Another aspect of repetition is highlighted by the “Ask Twice” campaign. As Molly Tanners reports in this blog post for the charity Step One, “Research released by Time to Change reveals that, when asked, over three quarters (78%) of us would tell friends and family we are ‘fine’ even if struggling with a mental health problem.” Asking again, and not just taking that “fine” at face value shows we’re genuinely interested. It also gives the other person permission to be more honest about what’s going on for them, if they wish to be. I know this from personal experience, as someone who’s much more likely to reply “fine” or “not too bad” first time round. I’m reminded of a brilliant stand-up routine by comedian and actor Bill Bailey, in which he relates the particularly British relationship to happiness.

Our happiness is based on this premise. Things could have been a lot worse. That’s as good as it gets in Britain.

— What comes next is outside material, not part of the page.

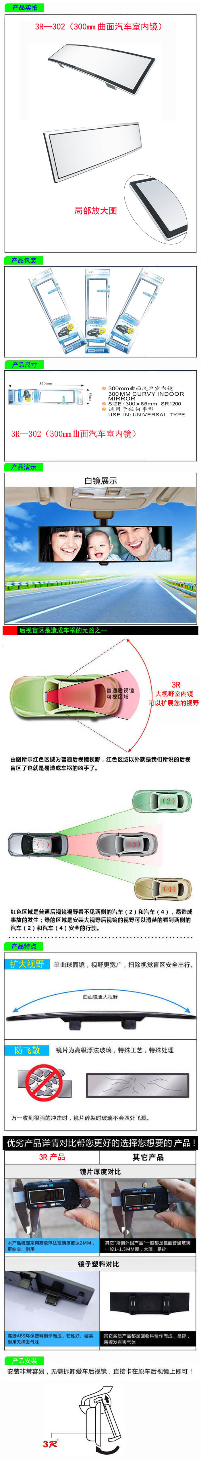 • 型號:   3R—302(300mm曲面汽車室內鏡)

That’s why the standard greeting in Britain is:

“How are you?”

“Not too bad.”

That’s as good as it gets in old Blighty. Not too bad. Things are clearly bad, but not quite as bad as we thought they were going to be. We’ve dialled down our expectation to an acceptable level of disappointment.

My outlook isn’t quite that bleak, but I am mistrustful of happiness. Okay. Fine. Not too bad. That’s what you’ll probably get from me if you ask how I am. Ask again, though, and I might open up a little more.

In this post I’ve discussed some of the reasons we might not always get what someone’ saying first time around. Keeping this in mind allows us to be more patient if we don’t understand straightaway, or if our message doesn’t seem to be getting across. Taking a moment to check in can go a long way towards resolving any doubt or misunderstanding. Remember also not to take someone’s words at face value if there might be more going on beneath the surface. Sensitively repeating what we’ve said, or asking again, can make all the difference.